NÃO HÁ FATOS, APENAS INTERPRETAÇÕES : Castoriadis e Ricouer - uma polêmica

 

 

Num diálogo ocorrido em 9 de março de 1985, Paul Ricouer e Cornelius Castoriadis contrapunham as perspectivas que adotavam acerca do imaginário social e da possibilidade de emergência da novidade na História. Ricouer preferia falar em produção histórica, entendendo por “produção” o fazer surgirem novas sínteses, novas configurações, novas significações a partir de um pré-construído, de um horizonte pré-regrado. Para Ricouer, não é possível a criação ex nihil na história. Segundo Ricouer, “só podemos produzir segundo regras; nós não produzimos tudo naquilo que produzimos, mais que não seja porque já temos um discurso antes de falar. Outros já falaram e estabeleceram as regras do jogo”. Castoriadis, por seu turno, preferindo falar em instituição imaginária da sociedade, e não de produção, defende a possibilidade da criação histórica, do fazer vir à luz o novo. Castoriadis consente com Ricouer, contudo, na tese de que o “novo” criado não é o novo absoluto. Para Castoriadis, há um domínio pré-existente organizado por regras previamente estabelecidas, mas nós podemos estabelecer novas regras, podemos sempre transformar as estruturas pré-construídas. Nesse sentido, podemos fazer nascer algo novo nunca experimentado ou previsto.

Desnecessário dizer que os dois pensadores concordam em vários pontos de suas reflexões, mas se distanciam neste aspecto fundamental: para Ricouer, não cabe falar em criação histórica, mas apenas em produção, ao passo que, para Castoriadis, devemos admitir a criação histórica e não a simples produção histórica.

Essa contraposição de interpretações encenada no diálogo entre Paul Ricouer e Cornelius Castoriadis é extremamente relevante para minha abordagem do niilismo. Apesar de acompanhar Castoriadis em muitos pontos de suas análises, não deixo de ver afinidade entre minha proposta de análise e a interpretação de Ricouer. Assim como não há um discurso que rompe o silêncio originário da enunciação, assim como não há um sujeito adâmico que, num momento mítico, teria tomado pela primeira vez a palavra, assim também o novo, na história, não emerge a partir do nada. Aqui me vejo mais próximo de Ricouer do que de Castoriadis. Mas ambos concordam num ponto que, para mim, é fundamental em minha tese sobre o niilismo: a afirmação do caráter fundamentalmente simbólico-imaginário da realidade social e das relações sociais.
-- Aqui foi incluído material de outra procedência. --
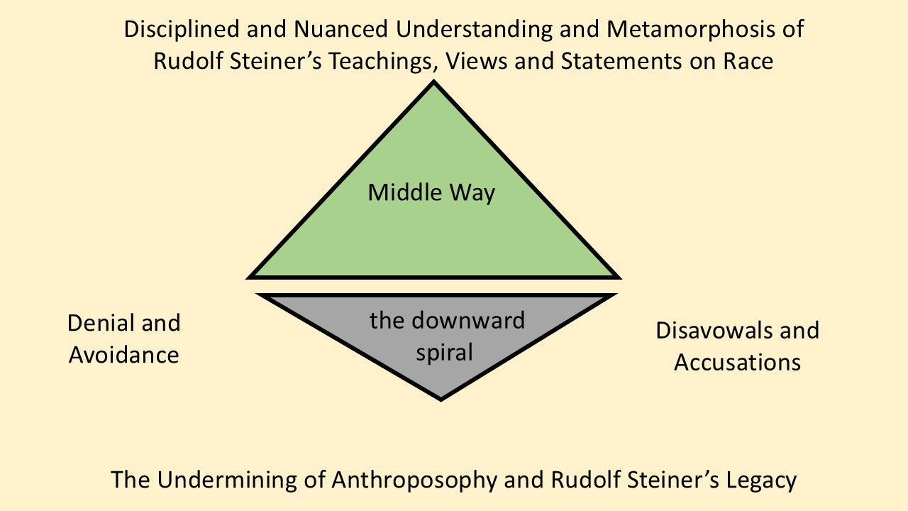 Here I seek to show how both the denial of Rudolf Steiner’s seeming racist views (or the unwillingness to honestly examine or acknowledge these views), and the disavowal of those views without a proper effort toward a deeper understanding of them (or the knee jerk accusation that Rudolf Steiner was a racist), can both be seen as one-sided responses.

Para Castoriadis, toda realidade social é mediatizada simbolicamente, no que Ricouer concorda. Ambos afirmam que o agir histórico se realiza numa dimensão simbólica e imaginária que lhe é constitutiva. Fora do domínio simbólico-imaginário, não há sociedade, nem instituições, nem história. O homem, para ambos os pensadores, é HOMO LOQUAX, é homem de linguagem; é homem que não só usa a palavra, mas também inventa e imagina signos, sentido, símbolos, textos e narrativas, com os quais interage com seus semelhantes, construindo “ o mundo” nas práticas sociogntivo-interacionais possibilitadas pela linguagem. É no discurso e nas práticas de interação social pela linguagem que o mundo e os sujeitos se constituem.